The French Caribbean
Dated 1780, this map shows the French Caribbean in a period of transition, at the end of the First French Colonial Empire. The French had colonies in the Antilles, where they still maintain some holdings, and on Saint Domingue; indeed, the latter was their most lucrative colony. All of the colonies were dominated by plantation agriculture, especially sugar cultivation, and forcibly worked by enslaved people of African descent.
After the Treaty of Paris of 1763, France lost its North American colonies. Napoleon Bonaparte regained the Louisiana Territory from Spain in 1800. Napoleon had intended to re-establish the French North American Empire, but the high costs of his continuing wars led him to decide to sell the land instead. This transaction is now called the Louisiana Purchase, doubling the size of the United States and leaving France in 1803 again with only its Caribbean holdings in the Western Hemisphere.

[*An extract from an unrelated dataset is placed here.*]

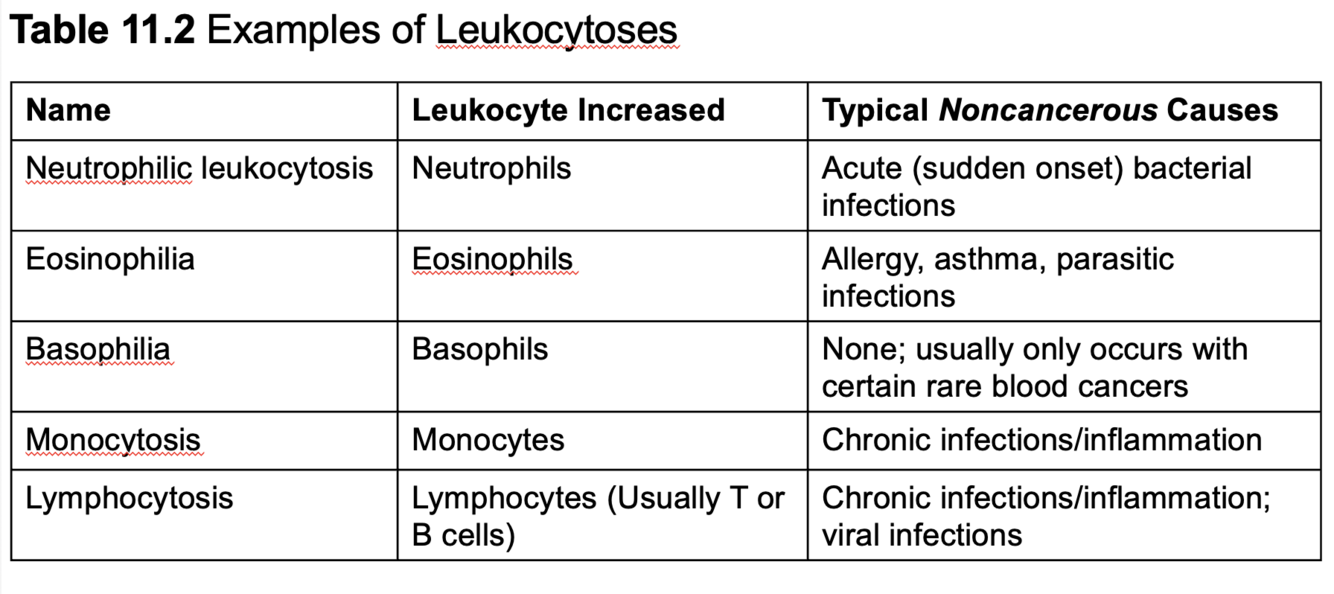 Use Table 11.2: Match each leukocytosis with the leukocyte increased and its typical noncancerous cause.

The French first established themselves in the region on the South American coastline in what is today French Guiana in 1624. A year later, they founded a colony on St. Kitts, which was shared with the British until 1713. Meanwhile, the Compagnie des Îles de l’Amérique started plantation colonies on Guadeloupe and Martinique in 1635; Saint Lucia followed in 1643, and Grenada in 1649. Dominica was settled from 1690. Guadeloupe and Martinique, along with other French Caribbean holdings like Dominica, Saint Lucia, and Grenada, were taken by the British during the Seven Years’ War. However, Guadeloupe and Martinique were ceded back to France as a result of the Treaty of Paris. Saint Lucia would also be returned at the end of the American Revolution.

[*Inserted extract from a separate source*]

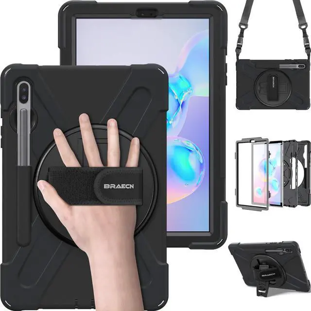 BRAECN for Galaxy Tab S6 Case, [Support S Pen Wireless Charging] Heavy Duty Shockproof Case with Pen Holder, Hand Strap, Shoulder Strap, Kickstand for Galaxy Tab S6 10.5 2019 SM-T860/T865/T867-Black

By far the most valuable Caribbean colony was Saint Domingue, on the western half of the island of Hispaniola. The Spanish and French shared the island from 1664, when the French founded their claim, and 1795, when Spain gave France their half of Hispaniola due to the wars stemming from the French Revolution.

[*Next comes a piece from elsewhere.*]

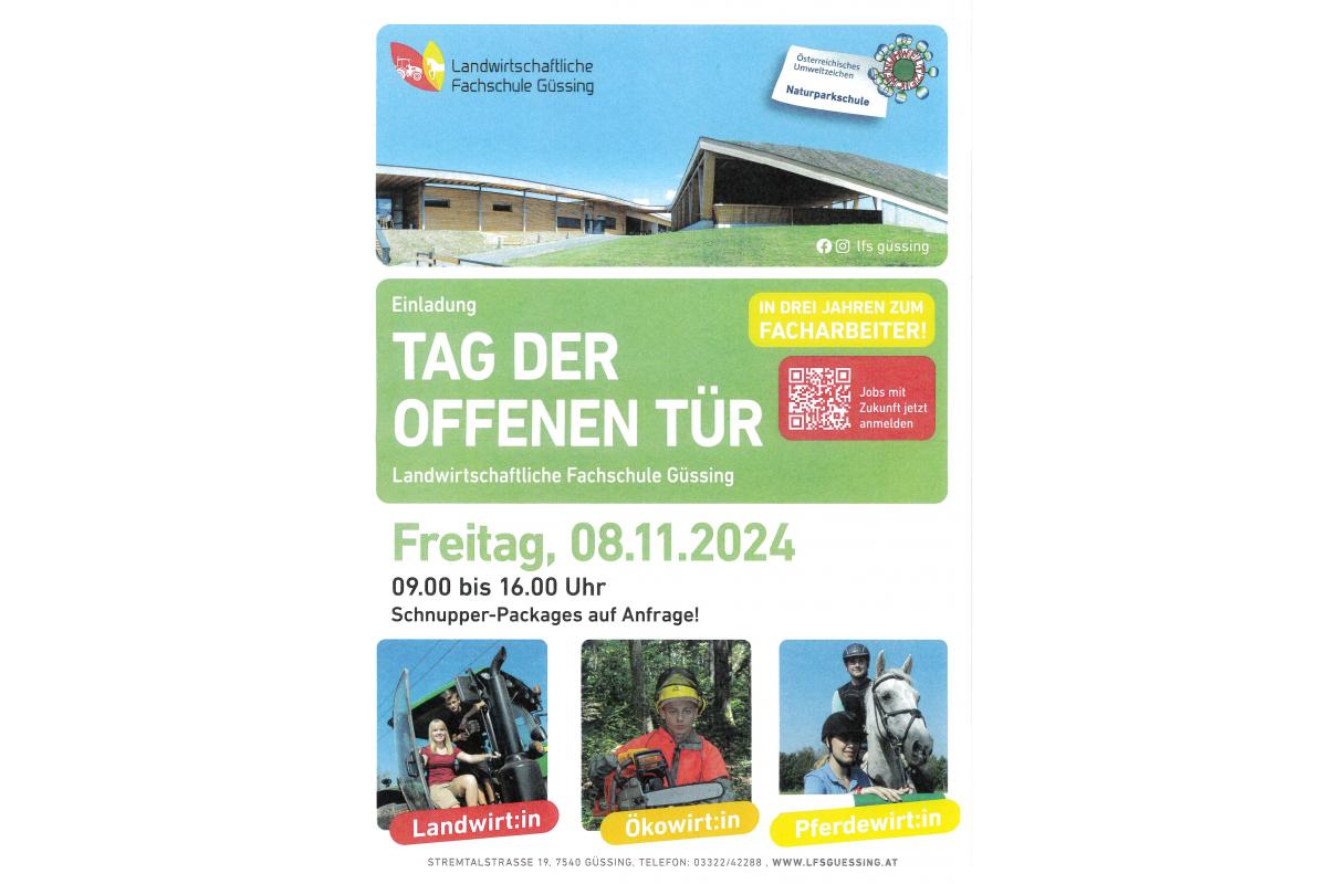 Die Landwirtschaftliche Fachschule Güssing lädt am Freitag, den 07. November 2025 zum Tag der offenen Tür herzlichst ein. Siehe Anlage!

In 1791, a massive slave revolt in Saint Domingue shook French dominance. The rebels were led by Toussaint L’Ouverture, but he was captured by the French in 1801. Under Jean-Jacques Dessalines, the revolution continued, and the Republic of Haiti was declared in 1804—the world’s first Black republic. However, France was loathe to recognize their former colony as an independent state; France would only recognize Haiti in 1825.
Today, France still has several Caribbean territories under its sovereignty. These are the overseas departments of Guadeloupe, Martinique, and the overseas collectivities of Saint Martin and Saint Barthélemy.
Philippe Buache (1700-1773) was one of the most famous French geographers of the eighteenth century. Buache was married to the daughter of the eminent Guillaume Delisle and worked with his father-in-law, carrying on the business after Guillaume died. Buache gained the title geographe du roi in 1729 and was elected to the Academie des Sciences in the same year. Buache was a pioneering theoretical geographer, especially as regards contour lines and watersheds. He is best known for his works such as Considérations géographiques et physiques sur les découvertes nouvelles dans la grande mer (Paris, 1754).